What Fall Teaches: The Beauty of Letting Go (…Even at Work)

Intuitively we all know that somethings we need to let go of. But it’s so much easier said than done, even when we know that we’re holding on to things that hold us back from achieving our goals, being our authentic selves or just finding inner peace. Letting go of old thoughts and old baggage is just plain difficult.

As a coach, I see Leaders holding on to a huge list of things including (and not only!):

  • The need to know everything
  • The need to feel in complete control
  • The need to be right
  • The drive for relentlessly climbing up the corporate ladder to more responsibility or status
  • The fear of being “caught” as an imposter
  • The habit of focusing on problems

Not being able to let go, however, in the long term keeps us stuck and slows down our progress. When we refuse to leave our comfort zones, because we are clinging to limited or old beliefs or driven by an addiction to being safe, no growth can happen. Letting go means putting ourselves into unknown territory. Even for those who know and understand the huge body of brain research that repeatedly and unequivocally demonstrates brain plasticity and how the brain CAN rewire itself, it is not easy to trust ourselves enough to let go. And the higher up we are in an organization, the stronger our resistance seems to be. Rewiring new behaviors and thoughts takes time, faith and patience. And usually we feel that there is too much to lose if we don’t get it right immediately.

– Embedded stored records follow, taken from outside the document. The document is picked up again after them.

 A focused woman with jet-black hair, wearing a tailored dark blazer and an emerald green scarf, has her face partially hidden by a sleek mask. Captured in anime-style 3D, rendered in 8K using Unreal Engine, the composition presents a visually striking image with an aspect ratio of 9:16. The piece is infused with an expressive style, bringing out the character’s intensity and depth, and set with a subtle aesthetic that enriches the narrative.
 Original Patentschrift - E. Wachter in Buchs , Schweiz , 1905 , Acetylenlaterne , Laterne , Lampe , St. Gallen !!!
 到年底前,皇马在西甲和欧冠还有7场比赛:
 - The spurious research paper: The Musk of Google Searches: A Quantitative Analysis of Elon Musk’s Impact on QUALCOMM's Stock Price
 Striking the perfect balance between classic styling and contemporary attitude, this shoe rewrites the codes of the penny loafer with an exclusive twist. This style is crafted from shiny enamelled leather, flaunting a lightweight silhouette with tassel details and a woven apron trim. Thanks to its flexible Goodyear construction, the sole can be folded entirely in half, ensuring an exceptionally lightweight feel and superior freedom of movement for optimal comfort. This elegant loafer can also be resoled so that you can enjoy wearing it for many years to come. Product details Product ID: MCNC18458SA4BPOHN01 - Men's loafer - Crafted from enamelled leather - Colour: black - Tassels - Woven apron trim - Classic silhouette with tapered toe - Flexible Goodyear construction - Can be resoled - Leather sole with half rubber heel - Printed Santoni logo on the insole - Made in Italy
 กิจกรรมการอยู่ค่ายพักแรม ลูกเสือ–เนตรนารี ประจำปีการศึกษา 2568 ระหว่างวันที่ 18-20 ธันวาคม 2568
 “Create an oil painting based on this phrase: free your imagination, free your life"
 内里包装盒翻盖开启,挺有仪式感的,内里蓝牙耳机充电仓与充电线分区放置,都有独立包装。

I once heard a story about a person locked in dark, dank cell, desperately struggling to get out by clinging to a tiny barred window through which a small glimmer of light shone. He died just looking out the window. If he had taken time to explore the dark, he would have discovered that there was an unlocked door that led to greater rooms filled with treasure and a way to escape. Letting go is exactly like that – you might have to grope in the dank smelly unknown for a bit before you find a door. (And frankly, even if there was no door, as in the story, it’s not exactly that the window was going away, you could always come back to that option).

Letting go as a leader, while admittedly can feel uncertain and unstable while new, usually leads to better quality relationships and enables others to become more engaged and motivated. And the more we let go of our need to control, to have all the answers, the more we start to draw from the strength of others and create a truly empowered workplace, where everyone has the opportunity to contribute and collaborate in a meaningful way. It’s only by shedding old notions of our roles or images of what a good leader should be, and replacing it with basic authenticity, that transformation can begin.
What can you let go? What will it take for you to do it? As always, I am interested in hearing your thoughts.